Shooting Fish in a Barrel 

Asking the right questions at the right time -- too bad it's Michael Moore

The standard liberal apology for filmmaker Michael Moore goes something like this: It's all very well to have your intellectual beefs with the guy, but who else can make progressive politics palatable for that forever vexing beast known as the American public?

It's a pleasant, though none too clever way of saying: Let's not discuss the filmmaker's grandstanding, his salt of the earth affectations, and penchant for argumentation via machine-gunning barreled fish. Let's not worry about corporate media, because we have our very own champion of the rust-belt proletariat, Michael Moore.

Is anyone surprised that the left is marching to irrelevancy?

All of this is not to detract from the significance of Bowling for Columbine, an all-you-can-eat buffet of food for thought on the following question: Why, more than any other industrialized nation, do Americans kill each other with guns?

Unfortunately, Moore doesn't answer his big question as much as he dances around it, performing stunts that, however funny, do little to further the debate. The film gets its title from the morbidly banal fact that just before their murderous rampage, Columbine assassins Eric Harris and Dylan Klebold went bowling. It's an ironic comment on guns being as American as ... er, bowling. As one Michigan Militia member notes in the film after securing a soybean field, "If you're not armed, you're not an American."

Bowling is by turns a rant and a travelogue, spanning from LA to Toronto, Littleton, and Michigan. In one episode, Moore returns to his hometown of Flint, where a 6-year-old boy has shot a girl to death in his first-grade classroom. Moore later discovers that the boy's mother traveled 60 miles to work for $5.50 an hour at a Dick Clarkowned theme restaurant that received tax breaks for participating in the state's welfare-to-work program.

This woman's story is at least a film in itself, but what got Moore's tent-sized boxers in a bunch was the opportunity it provided to harass Dick Clark. Moore's forte, of course, is making the rich and powerful look stupid. A noble pastime indeed, but when probing something as profoundly complex as American violence, celebrity stunts are a cheap sideshow. Moore indulges this later by assaulting a clearly senile Charlton Heston.

The reason Moore's stalking of the bourgeoisie worked so well in his past documentary Roger & Me was that outside a few Leninist cells in Michigan, he was an unknown. Two TV shows, as many best-selling books and 14 years later, Moore is hardly the same nobody. But he can't part with the false earnestness and his disheveled, ordinary guy shtick. How many ordinary guys live in million-dollar Manhattan apartments?

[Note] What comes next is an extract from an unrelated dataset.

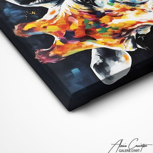 Les nuances tantôt douces, tantôt audacieuses, entrelacent la familiarité et l'étrange, offrant ainsi une expérience visuelle qui invite à la réflexion. Ce tableau girafe est plus qu'une simple représentationn, c'est une invitation à percevoir le monde d'une nouvelle manière

When Moore has the decency to stay behind the camera and listen, we're treated to some pretty insightful commentary from unlikely places. Like Marilyn Manson, whose music was said to inspire Klebold and Harris. When asked what he would say to the Columbine killers, he responds, "I wouldn't say a word to them. I would listen. And that's what no one did."

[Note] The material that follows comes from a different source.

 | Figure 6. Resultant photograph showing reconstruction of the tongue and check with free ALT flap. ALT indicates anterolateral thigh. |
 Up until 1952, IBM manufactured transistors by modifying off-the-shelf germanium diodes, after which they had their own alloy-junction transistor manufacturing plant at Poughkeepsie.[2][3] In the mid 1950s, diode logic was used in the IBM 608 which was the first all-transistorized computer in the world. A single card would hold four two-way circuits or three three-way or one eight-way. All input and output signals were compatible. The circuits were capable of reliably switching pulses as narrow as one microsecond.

The film's most disturbing scene is the footage from surveillance cameras of Harris and Klebold during their rampage. Accompanied by 911 calls from students, teachers and Klebold's father, it underscores the imperative of the gun debate better than any of Moore's stunts.

Moore manages to deliver effective pre-emptive strikes against most of the knee-jerk explanations for America's tendency to shoot first and think later. European countries like Germany and England have equally bloody pasts and Canada nearly matches the United States in the number of guns per capita. All these countries feast on our violent media products -- Japan's are even gorier. And Canada has higher unemployment. So, why does America suffer over 11,000 gun-related deaths per year and Canada less than 400?

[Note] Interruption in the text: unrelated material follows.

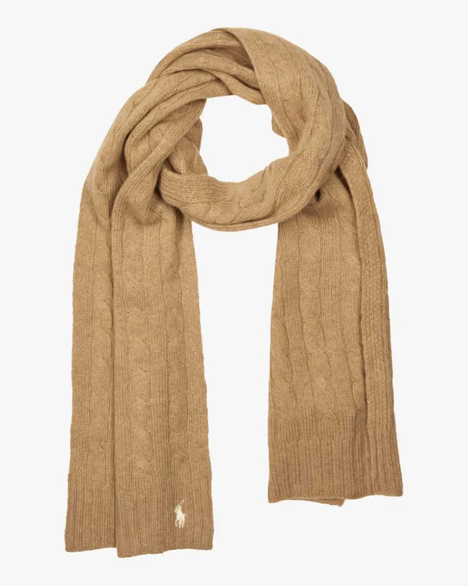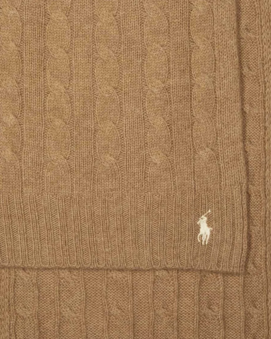 Strickschal für Damen von Polo Ralph Lauren in Camel. Das Modell präsentiertsich dank des hochwertigen Woll-Cashmere-Mix als weicher Favorit mit angenehm-leichtem Griff, während das Zopf-Design sowie Rippstrick-Details dem Gesamtbildeinen klassisch-modernen Charakter verleihen.

Part of the reason, Moore suggests, is a culture of fear rooted in slavery and racism that's been made lucrative by the media. Here he employs an animated film on American history by the South Park team and a highlight reel of forgotten media scares like Y2K, killer bees, and even people-slurping escalators. It's an effective argument, though Moore stretches it by pondering irrelevant coincidences like the fact that Columbine occurred on the same day the United States bombed Kosovo. In addition he dumps a montage of American-sponsored imperial violence accompanied by Louis Armstrong's "What a Wonderful World." It's a loose thread of argumentation, a cheap irony that serves only to score points with his lefty disciples. Does anyone think American snipers take their sustenance from the Chilean coup or the Contras?

Is Bowling for Columbine a success? It's hard to say. I found myself as angered by the Michael Moore show as American gun violence. But whether your bumper sticker reads "My President is Charlton Heston" or "I'd Rather Be Smashing Imperialism," it's sure to provoke debate. Though if Moore's prescription is gun control, perhaps he should first consider practicing it as a filmmaker.

This weekend Bowling for Columbine will be released nationwide, including Denver. Kimball's Twin Peak Theater expects to bring the film to Colorado Springs next month.